Write out the listing exactly, from its first line through the line holding "Fleur een leeg", but include none of the pictures.

**** Data block ****

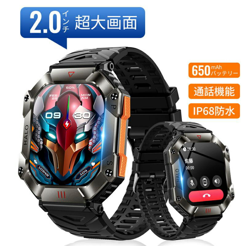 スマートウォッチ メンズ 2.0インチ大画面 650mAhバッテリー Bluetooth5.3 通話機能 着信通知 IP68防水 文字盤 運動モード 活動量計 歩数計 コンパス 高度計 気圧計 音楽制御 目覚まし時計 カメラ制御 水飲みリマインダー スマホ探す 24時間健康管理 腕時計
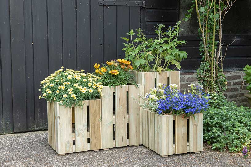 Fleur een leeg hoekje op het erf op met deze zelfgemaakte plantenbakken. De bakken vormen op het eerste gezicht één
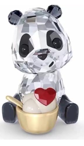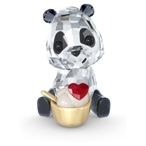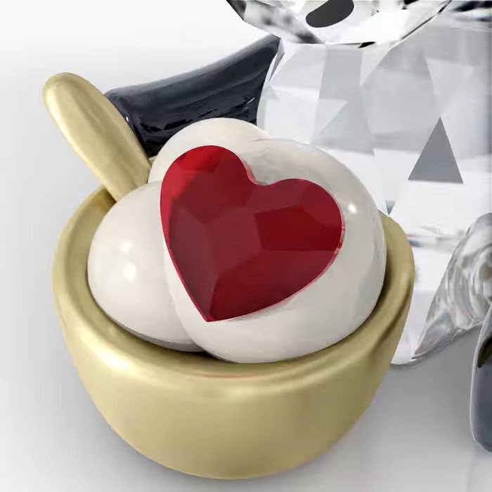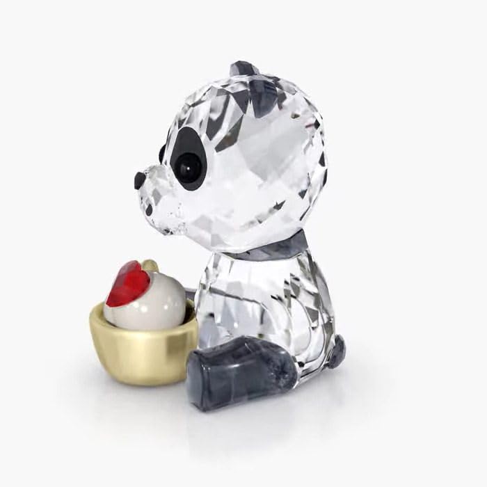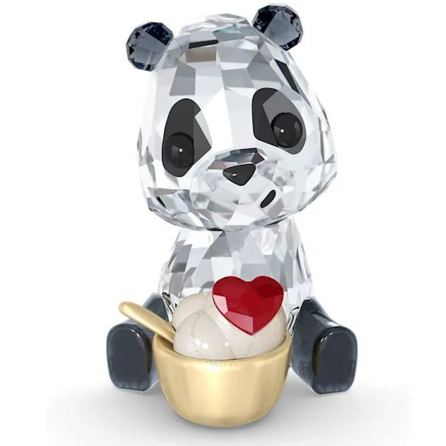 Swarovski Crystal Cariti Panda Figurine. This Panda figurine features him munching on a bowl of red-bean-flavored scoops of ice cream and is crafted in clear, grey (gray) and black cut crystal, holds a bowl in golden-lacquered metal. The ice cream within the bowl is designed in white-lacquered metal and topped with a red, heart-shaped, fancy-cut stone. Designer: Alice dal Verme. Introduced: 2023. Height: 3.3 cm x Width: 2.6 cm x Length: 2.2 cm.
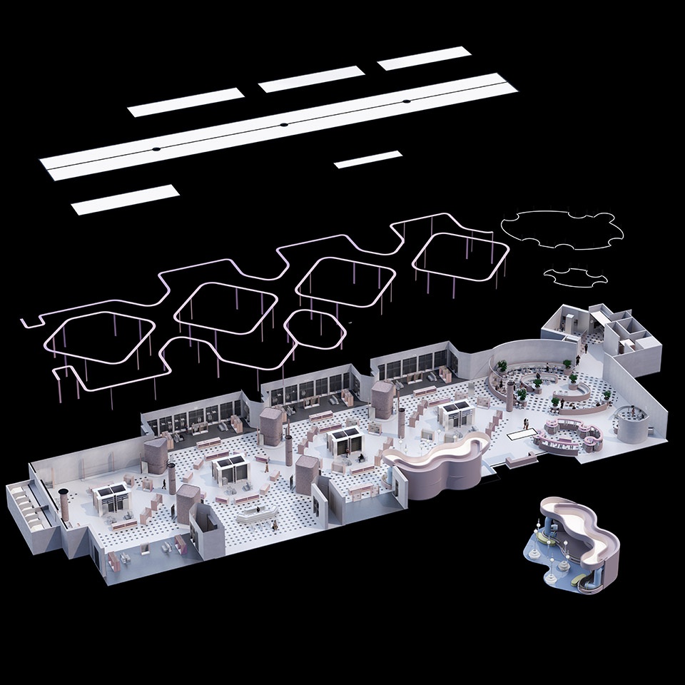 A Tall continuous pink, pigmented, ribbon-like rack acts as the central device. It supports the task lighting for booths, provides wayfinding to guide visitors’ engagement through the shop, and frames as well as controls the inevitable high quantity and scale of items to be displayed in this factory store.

****

Response to the task:
 スマートウォッチ メンズ 2.0インチ大画面 650mAhバッテリー Bluetooth5.3 通話機能 着信通知 IP68防水 文字盤 運動モード 活動量計 歩数計 コンパス 高度計 気圧計 音楽制御 目覚まし時計 カメラ制御 水飲みリマインダー スマホ探す 24時間健康管理 腕時計
 Fleur een leeg hoekje op het erf op met deze zelfgemaakte plantenbakken. De bakken vormen op het eerste gezicht één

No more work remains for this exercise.